American electrical engineer

Arthur Frank Witulski is an American electrical engineer. He is the Research Associate Professor Electrical Engineering and Computer Science at Vanderbilt University, where his research activities focus on microelectronics and semiconductor devices. He is affiliated with the Radiation Effects and Reliability Group at Vanderbilt University, where he works on the effects of radiation on semiconductor devices and integrated circuits. He also serves as an engineer at the Institute for Space and Defense Electronics at Vanderbilt. He is best known for his work in the field of Power electronics and ionizing radiation response of DC-to-DC converter.

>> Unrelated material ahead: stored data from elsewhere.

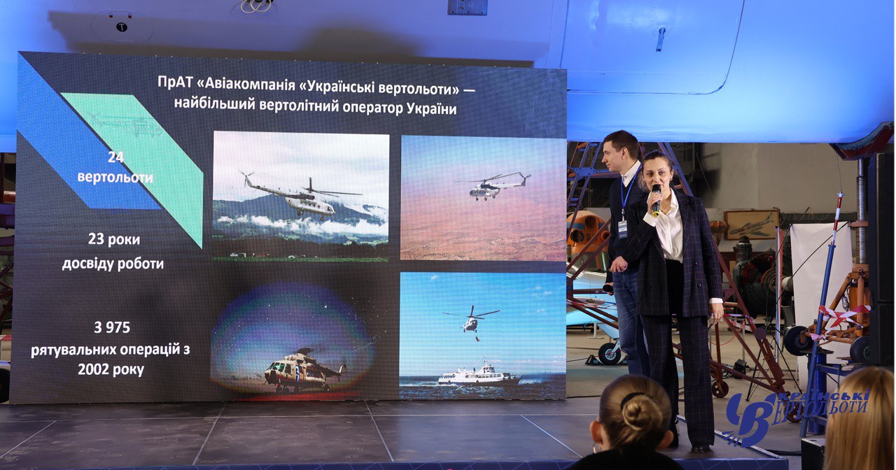 Директор технічного департаменту авіакомпанії Тарас Ферлей спілкувався з кандидатами на посади в технічний відділ. А інженер з експлуатації повітряних суден приладів та електроустаткування Антон Шушаков у презентації діяльності авіакомпанії більше зосередився на історії розвитку «Українських вертольотів» та на переобладнанні повітряних суден під різні задачі. Він розповів, як саме авіакомпанія стала найбільшим вертолітним оператором України.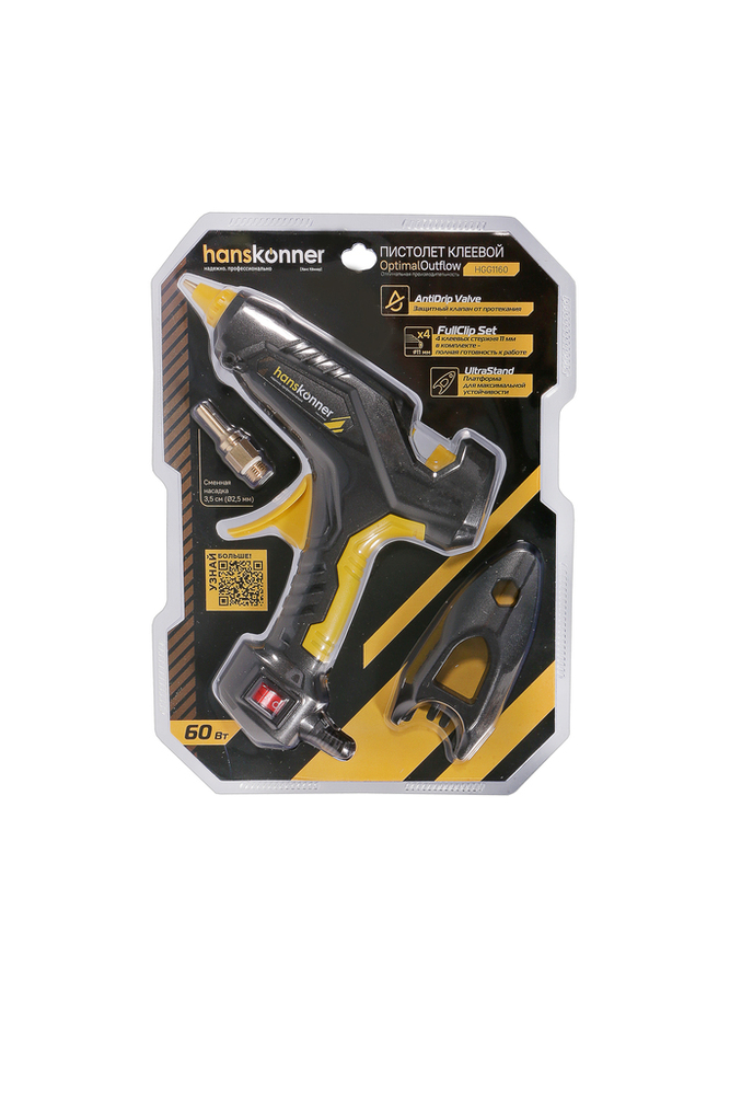 Пистолет клеевой Hanskonner 60 Вт является незаменимым инструментом для различных видов работы, таких как ремонт, моделирование, декорирование и многих других. Он используется для соединения нескольких частей из дерева, металла, пластика, стекла, керамики, бумаги и резини с помощью расплавленного клея.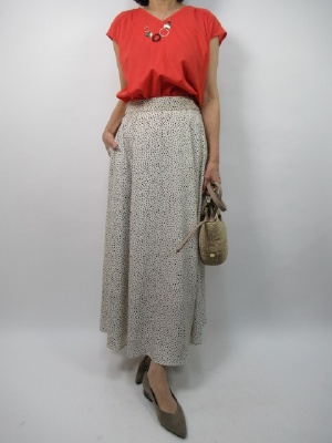 鮮やかなオレンジ色のブラウスは夏に向けて着たい一枚。涼しげなドット柄のスカートでエアリー感を出して!フェミニン度80%、エレガンス度20%。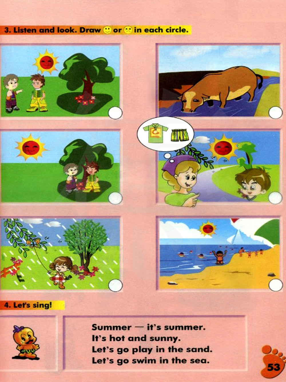 夏天——这是夏天。炎热而阳光灿烂。让我们在沙里玩耍。让我们在海里游泳。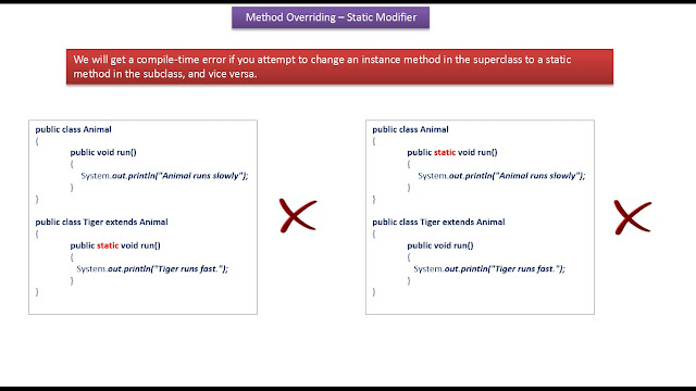 public class Animal { public static void run() { System.out.println("Animal runs slowly"); } } class Tiger extends Animal { public static void run() { System.out.println("Tiger runs fast."); } }

==Early life and education==
Witulski completed his high school in 1977 and joined the University of Colorado at Boulder for his BS degree. After graduating in 1981, he joined Storage Technology Corporation.

==Career==
===University of Arizona===
After graduating in 1989, he joined the University of Arizona in 1989 as an assistant professor of Electrical Engineering. He rose through the ranks and became an associate professor when he left the university in 2000.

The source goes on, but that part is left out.